The British Property Federation says landlords are suffering from the moratorium and argue that while many are trying to help their tenants, the administration process is being abused to evade reasonable demands.
“It’s disappointing on both sides if these conversations aren’t happening and people aren’t coming to the table,” said chief executive Melanie Leech. “I’ve seen many, many examples of landlords who can ill afford it and are borrowing money to support tenants themselves, trying to reach agreements, but their ability is limited.
“Some companies who have traded through lockdown, received government support but are not paying, and that limits the ability of landlords to support those who need it. Retail, hospitality and leisure are at the sharp end of the pandemic and landlords of those properties have seen rental arrears growing at £1.5bn a quarter.

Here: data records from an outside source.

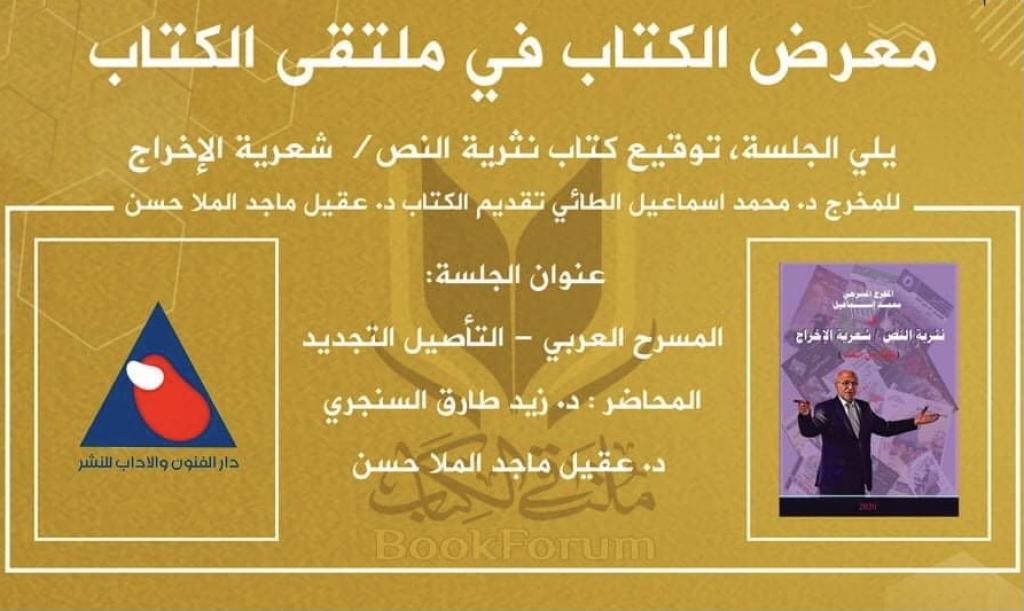 ضمن توجهات رئاسة جامعة الموصل بالانفتاح على المجتمع استضاف ملتقى الكتاب وضمن فعاليات مهرجان الكتاب الاول المقام للفترة من 22 – 31 تشرين الاول 2020 كل من الدكتور محمد اسماعيل الطائي وحفل توقيع كتابه (نثرية النص / شعرية الاخراج) والدكتور زيد طارق السنجري لتقديم محاضرة بعنوان ( المسرح العربي – التأصيل التجديد) والدكتور عقيل ماجد حامد لادارة حفل توقيع الكتاب وتسيير المحاضرة ، وقد حضر الاحتفالية نخبة من اساتذة جامعة الموصل وجمع من المثقفين والمهتمين بالشأن المسرحي، وتأتي هذه الانشطة بين اساتذة الجامعة وبين المؤسسات الفنية والادارية في المحافظة لتبادل الاراء والخبرات .
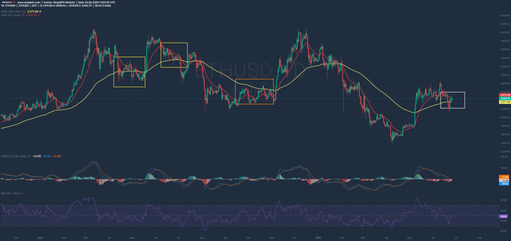 Let’s start with the explanation. The yellow line represents the 100-period exponential moving average (EMA100, also known as the long line), and the red line represents the 20-period exponential moving average (EMA20, also known as the short line). When the short line crosses the long one from above, it most often heralds price declines; otherwise, it might herald price increases.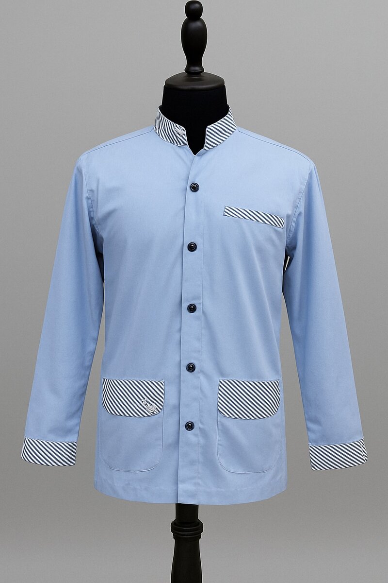 Optez pour cette chemise bleu ciel à rayure et fonctionnelle, idéale pour un usage professionnel, les sorties. Confectionnée en tissu résistant, elle offre confort et durabilité.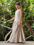 ヘンプ100%厚手生地にオリジナル麻柄プリントをして、Aラインポケット付きスカートの草木染めを作りました。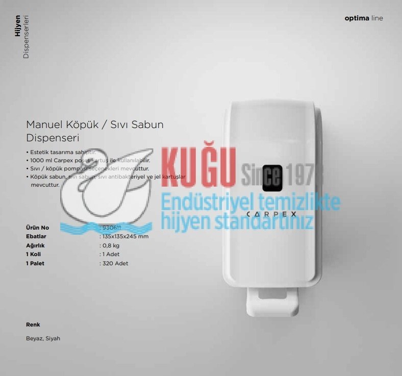 529306030001-W Carpex Beyaz Renk Optima 1000 ML Manuel Doldurabilinir Hazneli Köpük Sabun Dispenseri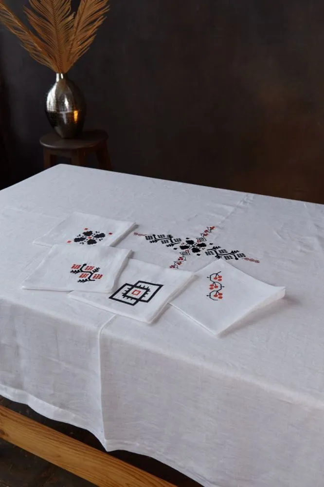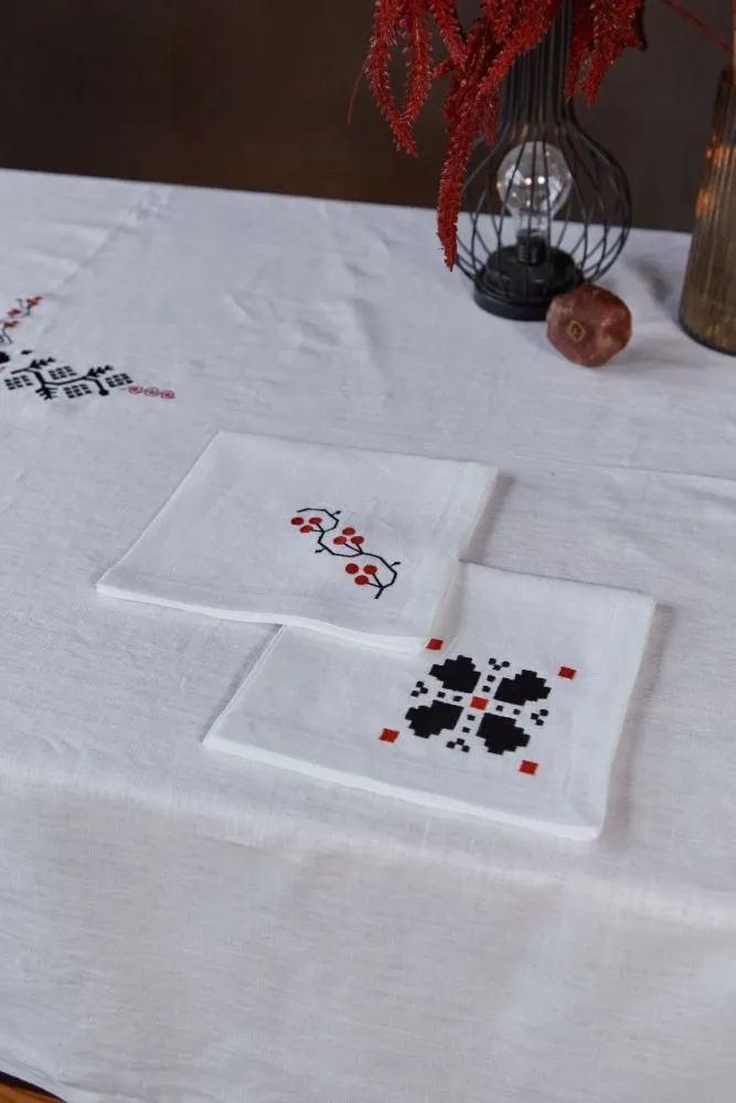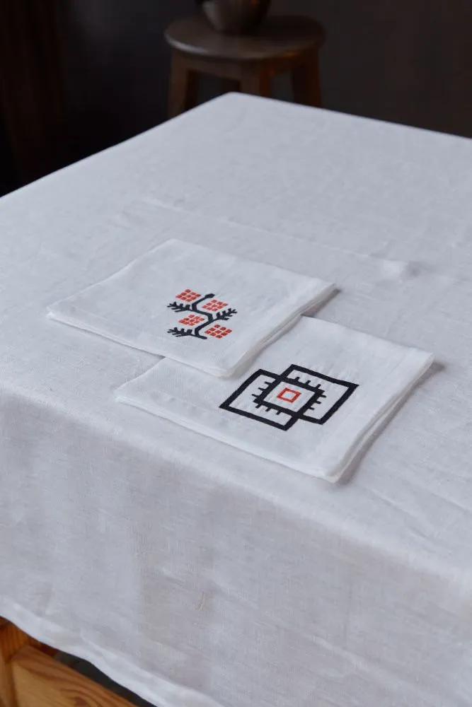 Серветка, білий льон льон, 40х40 см «Українська символіка»

“That’s an unsustainable burden to manage, and while they’re trying to support tenants where they can, they have their own challenges and lending obligations to meet. Quite often that’s you and me, because our pensions are invested.”
Nick Rubins, chief executive of garden centre and discount retail group QD Retail, says something has to give.
“The system we currently have just doesn’t make sense and it’s unsustainable for the level of trade today and high street stores. If you look at a typical town, landlords are still charging the rents as they have been almost back to 2008 [before the financial crash]. And that just doesn’t reflect the turnovers today.
“Going forward, with the pressures of increased costs, e-commerce, living wage increases, with no recognition from landlords to reflect today’s turnover then it just won’t work.”